WORK ORDER: None of the images should appear in your copy. Transcribe the data in full.

### DATA BLOCK

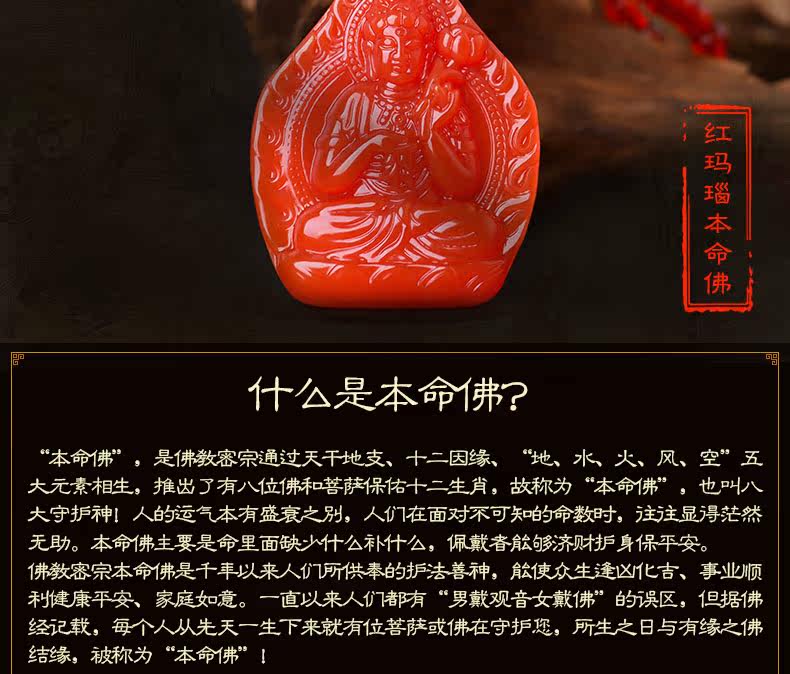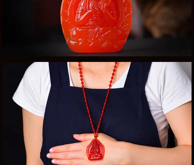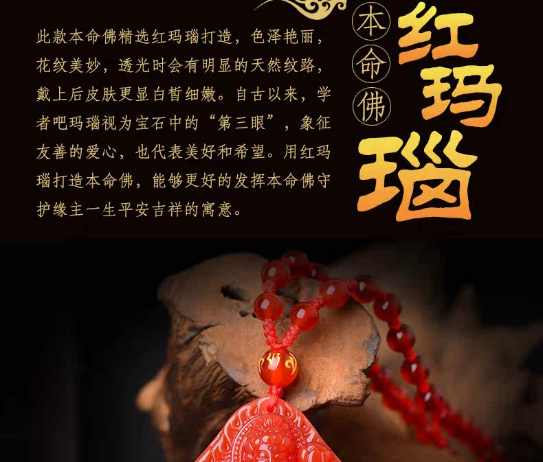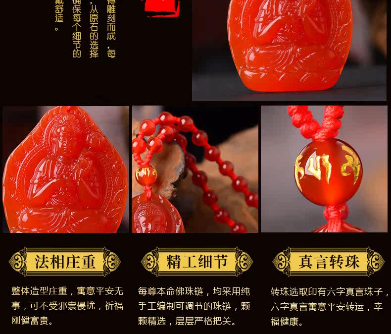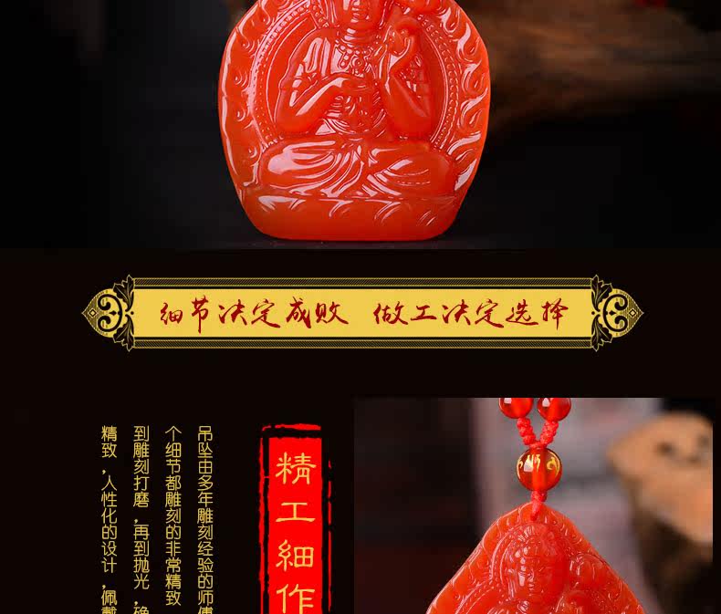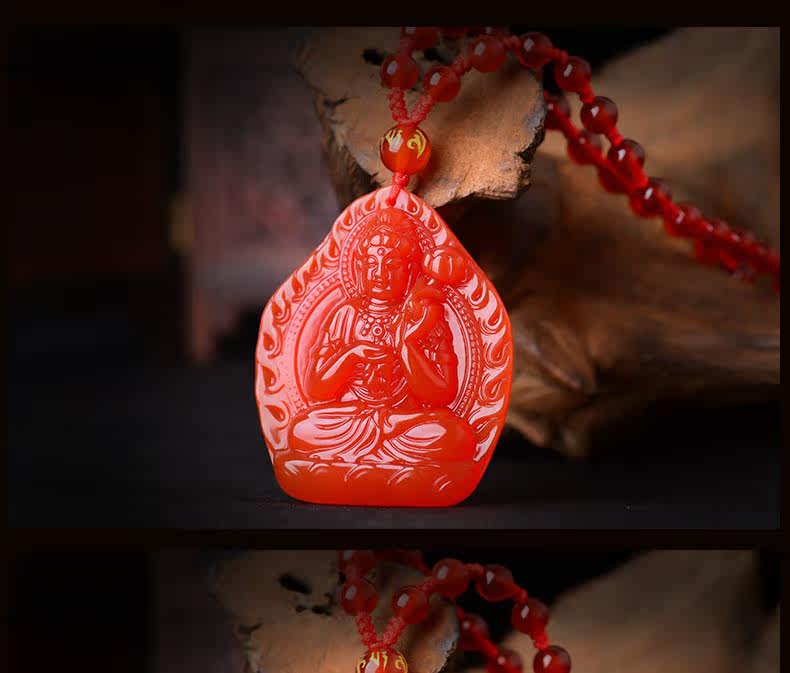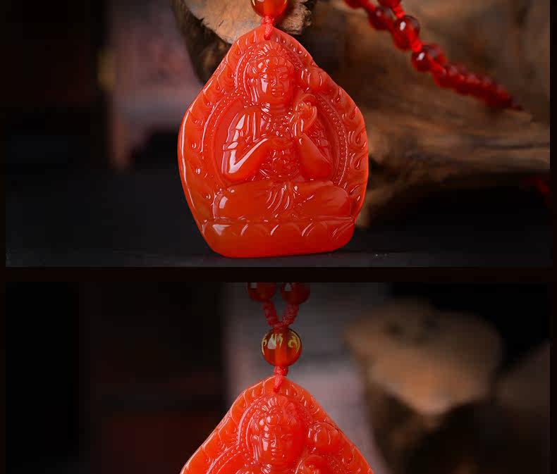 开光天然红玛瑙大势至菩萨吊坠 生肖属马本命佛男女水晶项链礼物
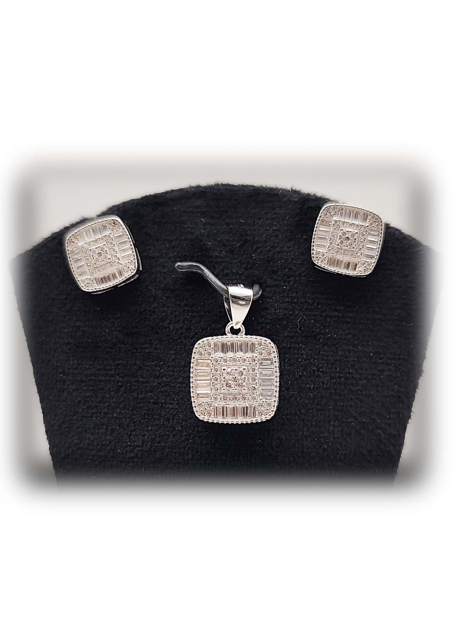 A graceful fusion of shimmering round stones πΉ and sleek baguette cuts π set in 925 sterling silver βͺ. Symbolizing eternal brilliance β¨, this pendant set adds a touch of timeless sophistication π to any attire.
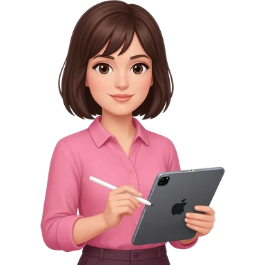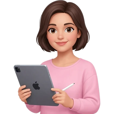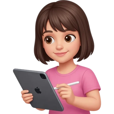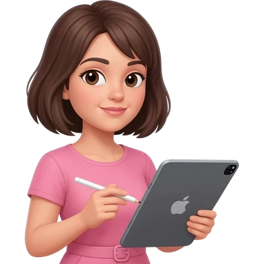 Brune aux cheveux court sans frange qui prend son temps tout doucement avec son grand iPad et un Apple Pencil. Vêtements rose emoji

######

EXERCISE ANSWER:
 开光天然红玛瑙大势至菩萨吊坠 生肖属马本命佛男女水晶项链礼物
 A graceful fusion of shimmering round stones πΉ and sleek baguette cuts π set in 925 sterling silver βͺ. Symbolizing eternal brilliance β¨, this pendant set adds a touch of timeless sophistication π to any attire.
 Brune aux cheveux court sans frange qui prend son temps tout doucement avec son grand iPad et un Apple Pencil. Vêtements rose emoji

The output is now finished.